Getting Started¶

Attention

This is a work-in-progress that shows how the pre-alpha version of Algoneer works. Please let us know if you should encounter any problems.

Algoneer provides blackbox tests that work on Model objects. A Model is an Algorithm that has been trained with a specific DataSet.

To get started we need to install Algoneer.

Note

You need Python version >=3.6 to run Algoneer.

pip3 install algoneer

Algoneer aims to be technology-agnostic and provides wrappers for the most popular data processing and machine learning libraries. In this tutorial, we are going to use Algoneer in conjunction with pandas and scikit-learn. In case you have not installed them already, you can do so by running:

pip3 install pandas scikit-learn

Algoneer also provides a separate package with several example datasets that make it easy to get started. We can also install them using pip:

pip3 install algoneer_datasets

That’s it, we’re good to go! Let’s start using Algoneer by loading an example dataset and running a test on it.

Note

You can find the whole example code on GitHub.

from algoneer.dataschema import DataSchema, AttributeSchema as AS

# we define the data schema for the bike dataset, which helps Algoneer to automatically
# run tests on the dataset and any models derived from it

class BikeSchema(DataSchema):

    # these are the regressands, which have the "x" role
    instant = AS(type=AS.Type.Integer, roles=["x"])
    season = AS(type=AS.Type.Categorical, roles=["x"])
    yr = AS(type=AS.Type.Integer, roles=["x"])
    mnth = AS(type=AS.Type.Integer, roles=["x"])
    holiday = AS(type=AS.Type.Boolean, roles=["x"])
    weekday = AS(type=AS.Type.Integer, roles=["x"])
    workingday = AS(type=AS.Type.Boolean, roles=["x"])
    weathersit = AS(type=AS.Type.Categorical, roles=["x"])
    temp = AS(type=AS.Type.Numerical, roles=["x"])
    atemp = AS(type=AS.Type.Numerical, roles=["x"])
    hum = AS(type=AS.Type.Numerical, roles=["x"])
    windspeed = AS(type=AS.Type.Numerical, roles=["x"])

    # this is the regressor, which has the "y" role
    cnt = AS(type=AS.Type.Integer, roles=["y"])
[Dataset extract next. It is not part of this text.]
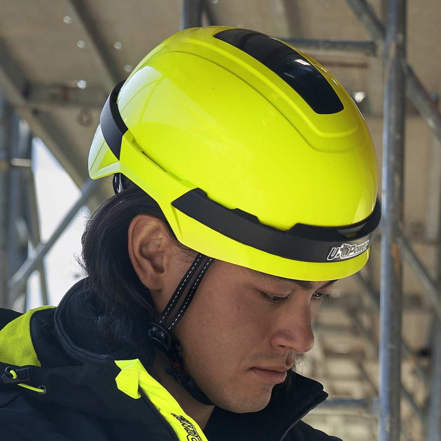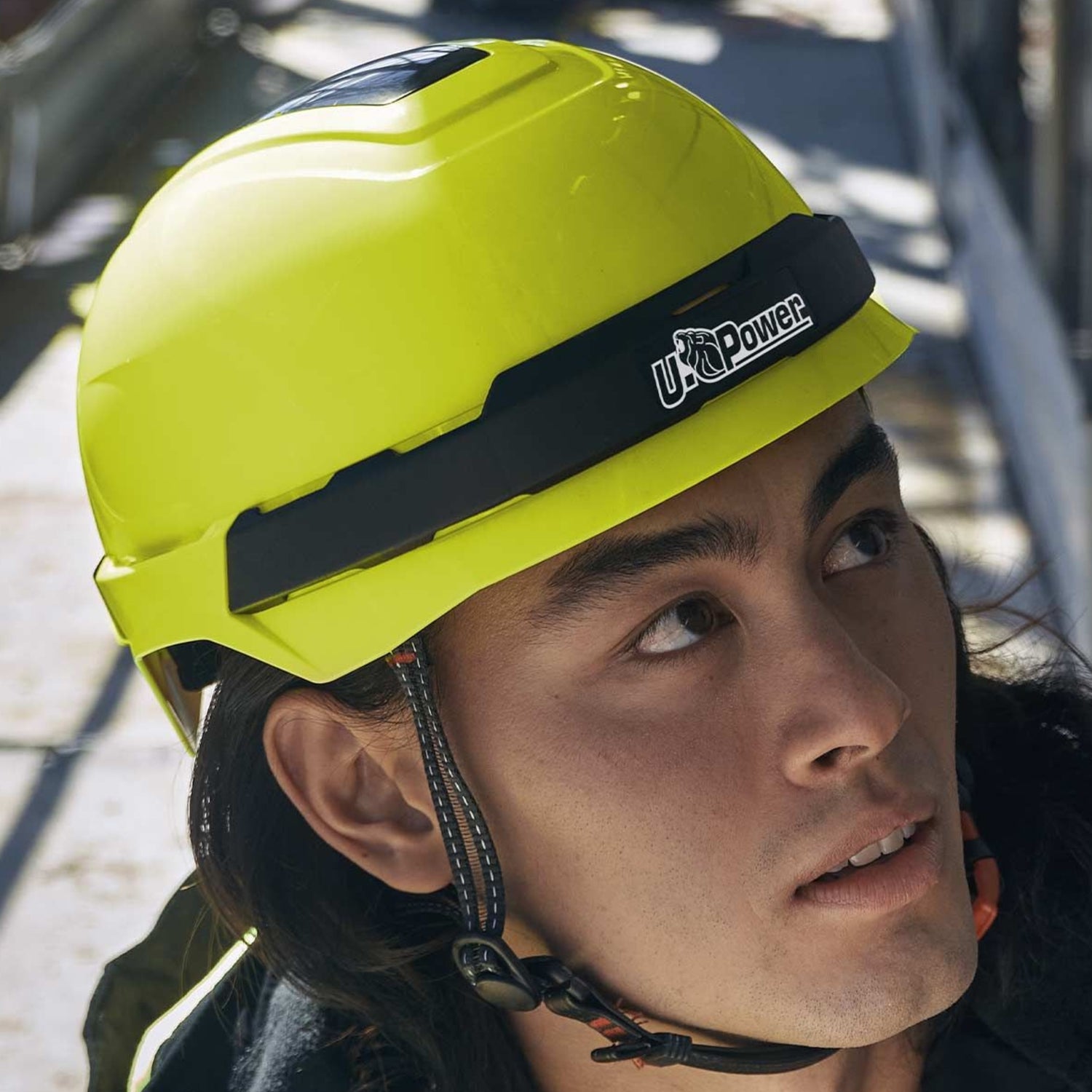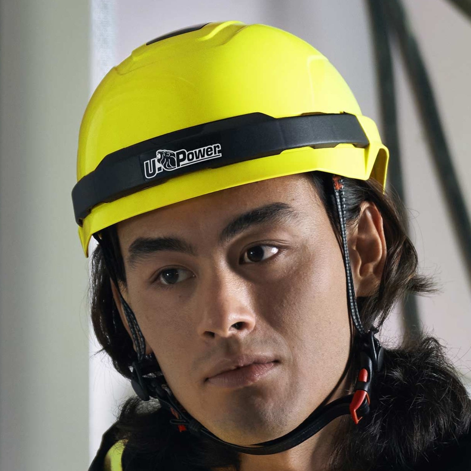 Denne lette vernehjelmen i fluoriserende gul fra U-Power er utviklet for arbeid der sikkerhet, komfort og synlighet er avgjørende. Den sterke signalfargen gjør hjelmen godt synlig på arbeidsplassen, noe som øker sikkerheten ved arbeid innen bygg, industri, skogbruk og veiarbeid.

from algoneer_datasets.bike_sharing import path
from algoneer.dataset.pandas import PandasDataset

# we read the CSV data into a pandas dataframe
import pandas as pd
df = pd.read_csv(path+'/data.csv.gz')

# we wrap the dataframe with an Algoneer dataset using the bike schema
ds = PandasDataset(BikeSchema(), df)

This creates a PandasDataSet that contains the bike sharing data. This dataset is just a thin wrapper around a pandas dataframe and adds functionality that is helpful when using the dataset for testing. Notably, it includes a DataSchema that contains information about all attributes in the dataset.

Now, to test a machine learning model with Algoneer we first need to train one. To do this, we can again import a model from the example datasets library:

from sklearn.ensemble import RandomForestRegressor
from algoneer.algorithm.sklearn import SklearnAlgorithm

# we wrap the random forest classifier using the SklearnAlgorithm class
algo = SklearnAlgorithm(RandomForestRegressor, n_estimators=100)

# we produce a model by training the algorithm with a dataset
model = algo.fit(ds)

Again, the Algorithm class is just a thin wrapper around existing algorithms, in this case a scikit-learn random forest regressor.

Now that we have trained our model, we can run a simple black box test on it:

from algoneer.methods.blackbox.shap import SHAP

shap = SHAP()

This so-called partial dependence plot is a simple test that quantifies the average effect that a given attribute has on the prediction of a machine learning model. You can read more about the test here.

Let’s run it on our model:

result = shap.run(model, ds, max_datapoints=100)

Here, max_datapoints specifies the number of datapoints that we use to average the effect of the attribute.